Requirement -
No picture should appear in the copy. Transcribe exactly, and only, the lines from the one with "Nya Unik handmålad" through the last line of the data below.

Recorded data -
=====

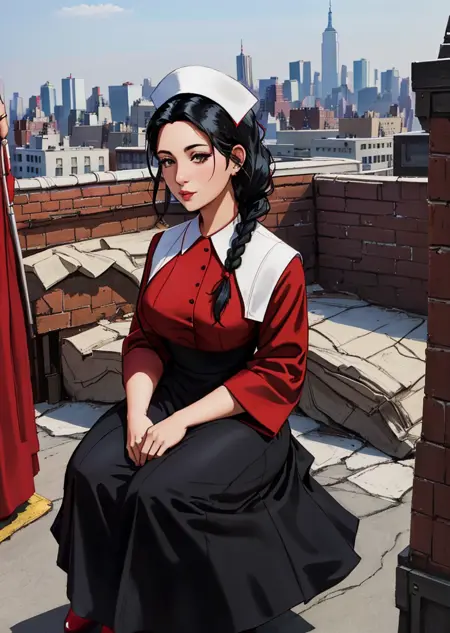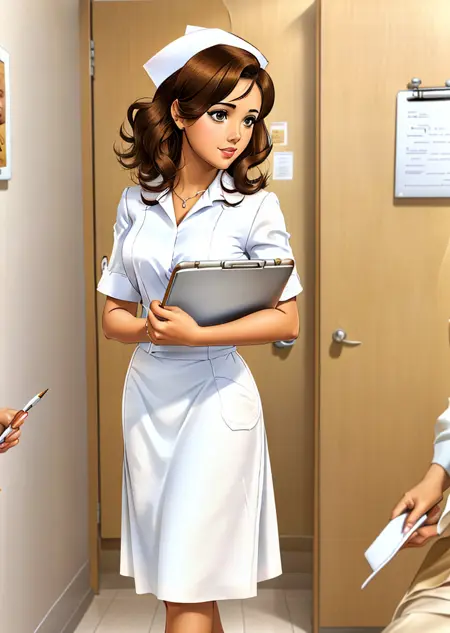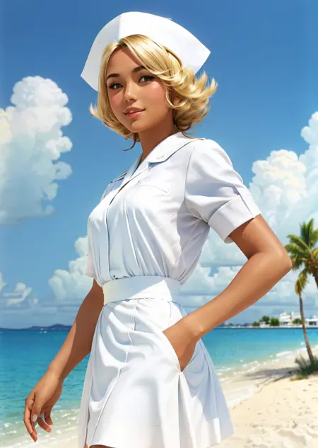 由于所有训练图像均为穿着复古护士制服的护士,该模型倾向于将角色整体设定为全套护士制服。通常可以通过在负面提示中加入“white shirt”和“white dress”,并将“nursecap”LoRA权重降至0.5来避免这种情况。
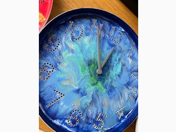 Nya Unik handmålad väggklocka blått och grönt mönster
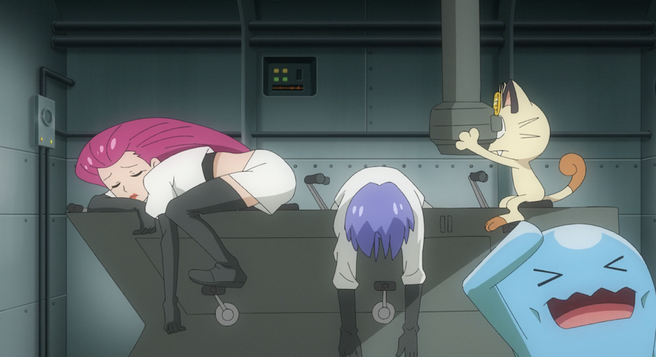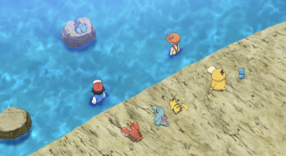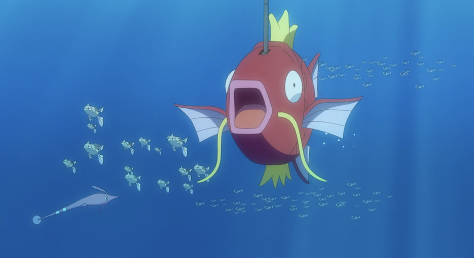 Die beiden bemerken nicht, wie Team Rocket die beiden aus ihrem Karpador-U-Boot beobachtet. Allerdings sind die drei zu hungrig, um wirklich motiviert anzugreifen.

=====

Answer space -
 Nya Unik handmålad väggklocka blått och grönt mönster
 Die beiden bemerken nicht, wie Team Rocket die beiden aus ihrem Karpador-U-Boot beobachtet. Allerdings sind die drei zu hungrig, um wirklich motiviert anzugreifen.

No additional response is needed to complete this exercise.